Copy each line of the records below that mentions the word "Republic".
◆ ◆ ◆ ◆ ◆
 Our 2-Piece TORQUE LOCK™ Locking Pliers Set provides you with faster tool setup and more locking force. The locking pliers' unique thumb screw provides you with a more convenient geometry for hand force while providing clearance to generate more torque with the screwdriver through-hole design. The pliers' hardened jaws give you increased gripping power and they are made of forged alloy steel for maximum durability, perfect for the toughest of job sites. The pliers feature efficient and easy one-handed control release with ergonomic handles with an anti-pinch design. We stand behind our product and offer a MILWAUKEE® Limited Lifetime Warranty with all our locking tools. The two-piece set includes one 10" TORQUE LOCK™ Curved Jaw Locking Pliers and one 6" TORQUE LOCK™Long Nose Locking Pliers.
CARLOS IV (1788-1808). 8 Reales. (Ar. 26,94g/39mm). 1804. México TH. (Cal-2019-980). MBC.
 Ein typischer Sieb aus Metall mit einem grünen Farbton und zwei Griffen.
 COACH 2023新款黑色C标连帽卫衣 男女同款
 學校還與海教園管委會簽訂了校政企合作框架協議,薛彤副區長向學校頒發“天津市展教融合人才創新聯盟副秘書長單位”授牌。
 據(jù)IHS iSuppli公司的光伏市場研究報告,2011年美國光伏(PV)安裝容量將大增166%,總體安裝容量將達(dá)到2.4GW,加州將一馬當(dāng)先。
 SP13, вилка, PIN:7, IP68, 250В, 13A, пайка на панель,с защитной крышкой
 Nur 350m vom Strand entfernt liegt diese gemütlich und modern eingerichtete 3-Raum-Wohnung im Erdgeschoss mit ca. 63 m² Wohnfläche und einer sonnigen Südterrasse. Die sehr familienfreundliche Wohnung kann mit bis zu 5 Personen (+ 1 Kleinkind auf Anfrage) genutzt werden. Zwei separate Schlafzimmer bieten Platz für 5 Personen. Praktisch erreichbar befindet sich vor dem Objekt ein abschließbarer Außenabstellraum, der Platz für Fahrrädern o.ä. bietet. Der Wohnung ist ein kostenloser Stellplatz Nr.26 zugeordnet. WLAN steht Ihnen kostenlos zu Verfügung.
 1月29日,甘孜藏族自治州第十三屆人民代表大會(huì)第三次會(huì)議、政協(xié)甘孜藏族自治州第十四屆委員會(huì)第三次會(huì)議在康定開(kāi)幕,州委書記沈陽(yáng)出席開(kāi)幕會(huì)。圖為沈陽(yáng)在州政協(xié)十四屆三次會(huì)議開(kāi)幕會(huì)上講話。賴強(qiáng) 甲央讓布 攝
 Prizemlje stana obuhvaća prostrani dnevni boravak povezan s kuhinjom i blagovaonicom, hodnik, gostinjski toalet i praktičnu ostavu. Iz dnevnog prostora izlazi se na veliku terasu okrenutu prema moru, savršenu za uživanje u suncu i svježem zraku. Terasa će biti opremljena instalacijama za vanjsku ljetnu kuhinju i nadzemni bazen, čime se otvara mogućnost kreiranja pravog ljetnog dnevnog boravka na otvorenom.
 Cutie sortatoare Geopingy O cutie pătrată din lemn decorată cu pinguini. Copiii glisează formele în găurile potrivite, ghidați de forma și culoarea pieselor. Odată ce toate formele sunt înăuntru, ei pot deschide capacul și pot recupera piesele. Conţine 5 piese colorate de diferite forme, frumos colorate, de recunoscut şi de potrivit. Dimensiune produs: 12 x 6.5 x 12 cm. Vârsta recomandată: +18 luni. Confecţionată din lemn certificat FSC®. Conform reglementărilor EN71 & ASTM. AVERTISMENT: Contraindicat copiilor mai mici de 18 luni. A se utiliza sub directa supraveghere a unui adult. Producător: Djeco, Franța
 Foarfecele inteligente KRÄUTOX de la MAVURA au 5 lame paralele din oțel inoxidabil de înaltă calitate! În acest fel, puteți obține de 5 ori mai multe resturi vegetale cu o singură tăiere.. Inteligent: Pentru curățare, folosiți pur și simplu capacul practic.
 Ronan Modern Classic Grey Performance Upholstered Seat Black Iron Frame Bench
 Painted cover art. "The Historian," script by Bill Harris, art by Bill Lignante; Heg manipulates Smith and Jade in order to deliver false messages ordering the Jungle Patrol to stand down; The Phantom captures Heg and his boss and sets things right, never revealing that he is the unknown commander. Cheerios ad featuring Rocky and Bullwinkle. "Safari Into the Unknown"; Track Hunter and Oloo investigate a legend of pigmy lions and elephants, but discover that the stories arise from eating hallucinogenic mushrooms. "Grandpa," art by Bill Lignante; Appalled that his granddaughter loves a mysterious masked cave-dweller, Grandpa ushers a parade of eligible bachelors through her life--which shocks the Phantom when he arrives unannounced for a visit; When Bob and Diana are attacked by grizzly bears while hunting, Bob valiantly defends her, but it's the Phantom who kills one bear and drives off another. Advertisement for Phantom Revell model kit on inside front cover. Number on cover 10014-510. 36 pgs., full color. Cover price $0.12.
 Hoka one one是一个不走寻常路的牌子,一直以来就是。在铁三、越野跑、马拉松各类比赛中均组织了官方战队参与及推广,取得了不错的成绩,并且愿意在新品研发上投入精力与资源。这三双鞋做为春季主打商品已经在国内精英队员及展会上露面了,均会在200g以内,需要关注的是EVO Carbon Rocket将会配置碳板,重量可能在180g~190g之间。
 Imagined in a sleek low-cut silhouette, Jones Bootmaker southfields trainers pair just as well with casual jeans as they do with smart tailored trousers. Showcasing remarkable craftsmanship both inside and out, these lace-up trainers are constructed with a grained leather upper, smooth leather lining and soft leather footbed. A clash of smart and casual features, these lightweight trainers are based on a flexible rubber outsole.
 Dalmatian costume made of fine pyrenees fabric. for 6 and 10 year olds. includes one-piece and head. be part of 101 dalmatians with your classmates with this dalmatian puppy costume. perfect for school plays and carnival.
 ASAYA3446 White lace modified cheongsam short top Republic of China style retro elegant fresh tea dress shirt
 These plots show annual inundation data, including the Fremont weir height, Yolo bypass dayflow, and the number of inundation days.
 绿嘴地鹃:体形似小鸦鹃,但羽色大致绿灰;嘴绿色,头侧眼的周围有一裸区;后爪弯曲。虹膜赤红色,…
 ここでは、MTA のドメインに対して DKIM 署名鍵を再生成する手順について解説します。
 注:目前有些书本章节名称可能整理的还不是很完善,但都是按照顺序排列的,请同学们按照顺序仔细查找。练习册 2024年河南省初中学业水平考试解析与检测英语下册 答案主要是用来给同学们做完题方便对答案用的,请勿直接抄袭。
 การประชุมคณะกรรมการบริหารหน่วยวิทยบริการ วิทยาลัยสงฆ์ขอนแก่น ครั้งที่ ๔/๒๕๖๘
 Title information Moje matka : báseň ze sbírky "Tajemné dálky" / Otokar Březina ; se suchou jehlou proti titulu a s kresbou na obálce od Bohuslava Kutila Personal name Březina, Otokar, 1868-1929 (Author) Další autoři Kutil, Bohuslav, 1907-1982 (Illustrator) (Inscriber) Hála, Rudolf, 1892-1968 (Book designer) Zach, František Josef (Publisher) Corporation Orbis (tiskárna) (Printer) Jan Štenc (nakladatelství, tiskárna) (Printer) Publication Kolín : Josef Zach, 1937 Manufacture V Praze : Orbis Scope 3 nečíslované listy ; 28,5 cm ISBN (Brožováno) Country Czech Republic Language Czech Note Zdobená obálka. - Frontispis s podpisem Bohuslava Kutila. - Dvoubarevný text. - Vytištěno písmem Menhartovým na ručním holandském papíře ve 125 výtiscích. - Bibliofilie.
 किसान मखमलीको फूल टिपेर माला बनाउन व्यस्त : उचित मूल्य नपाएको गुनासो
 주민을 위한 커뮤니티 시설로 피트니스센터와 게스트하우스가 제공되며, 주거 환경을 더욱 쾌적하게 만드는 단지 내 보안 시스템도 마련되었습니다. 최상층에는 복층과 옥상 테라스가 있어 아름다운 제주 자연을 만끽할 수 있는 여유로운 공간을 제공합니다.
◆ ◆ ◆ ◆ ◆
## EXERCISE ANSWER:
 ASAYA3446 White lace modified cheongsam short top Republic of China style retro elegant fresh tea dress shirt
 Title information Moje matka : báseň ze sbírky "Tajemné dálky" / Otokar Březina ; se suchou jehlou proti titulu a s kresbou na obálce od Bohuslava Kutila Personal name Březina, Otokar, 1868-1929 (Author) Další autoři Kutil, Bohuslav, 1907-1982 (Illustrator) (Inscriber) Hála, Rudolf, 1892-1968 (Book designer) Zach, František Josef (Publisher) Corporation Orbis (tiskárna) (Printer) Jan Štenc (nakladatelství, tiskárna) (Printer) Publication Kolín : Josef Zach, 1937 Manufacture V Praze : Orbis Scope 3 nečíslované listy ; 28,5 cm ISBN (Brožováno) Country Czech Republic Language Czech Note Zdobená obálka. - Frontispis s podpisem Bohuslava Kutila. - Dvoubarevný text. - Vytištěno písmem Menhartovým na ručním holandském papíře ve 125 výtiscích. - Bibliofilie.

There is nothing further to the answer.